Pilots tend to call in sick more when there isn't a disincentive, and we call in less when there is.

Example (I've been here awhile). After BK and all that mess, we negotiated huge concessions, to include a major change to our sick policy. It was a complex system and no one really understood it. But as my rep explained to me it ended up like this.

1. If you only called in sick once or twice a year, you would notice no change.

2. If you had a significant illness, injury, etc that had you out for weeks or more, you would indeed take a pay hit, but even that could be made up with a "rapid recharge" or some such slogan.

3. If you were the kind of pilot who called in sick once every month or two just because (insert reason), you would see a very big hit to your earnings.

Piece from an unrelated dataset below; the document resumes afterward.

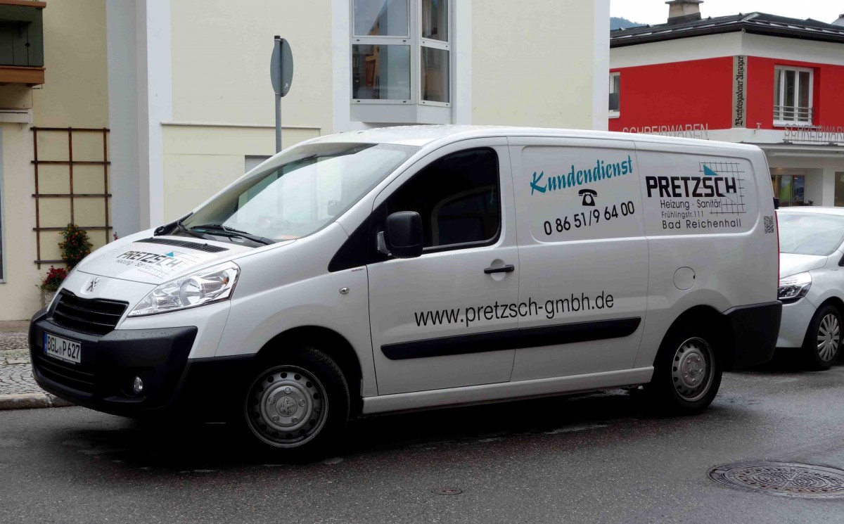 Peugeot der Glaserei Tölg steht auf einem Parkplatz in Bischofswiesen im Juli 2015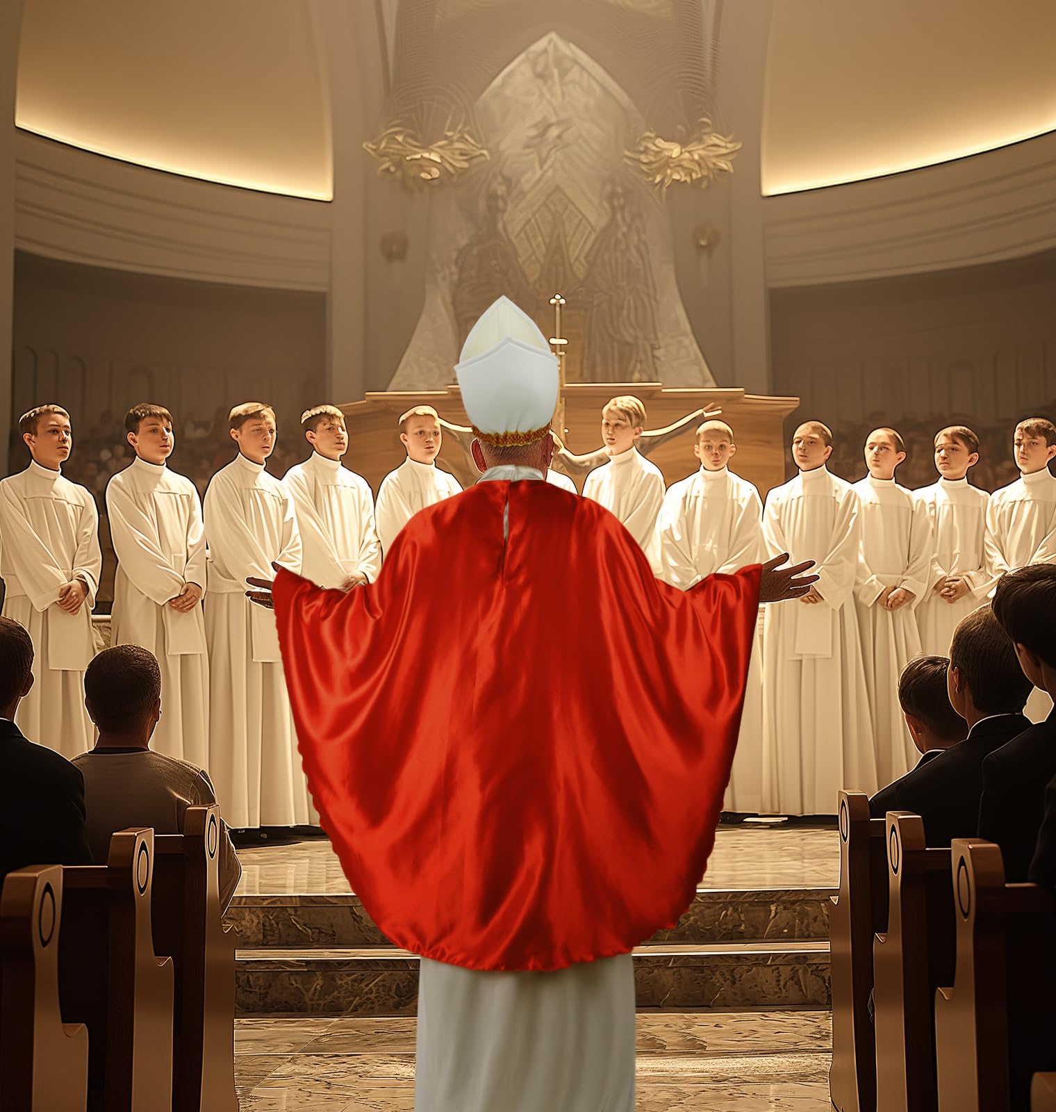 COMPLETE SET: Pope costume Includes a luxurious red papal robe with ornate trim detail, white undergarment, and decorative mitre hat with gold and red embellishments

Guess what? Sick leave declined a lot.

The system thankfully didn't last that long. Profitability returned, and a couple of years later, our negotiators wisely negotiated a return to, and even improvements to, our original sick leave system that we enjoy today.

"Shockingly" sick leave went right back to where it had been, traditionally.

"Flu season?" Please.
A bad flu season can easily double, triple, or quadruple sick calls from the baseline. Talk to anyone at AA or UA, and they’ll tell you that sick calls have surged there as well.

How is lookback any more of a hindrance than GFB? IMHO, GFB is the worse of the two because it can occur at a much lower threshold. Neither have ever stopped me from calling in sick though.

Every pilot here either allows their sick call behavior to be influenced by GFB / lookback, or they don’t. Nobody is significantly influenced by one form of verification but not the other.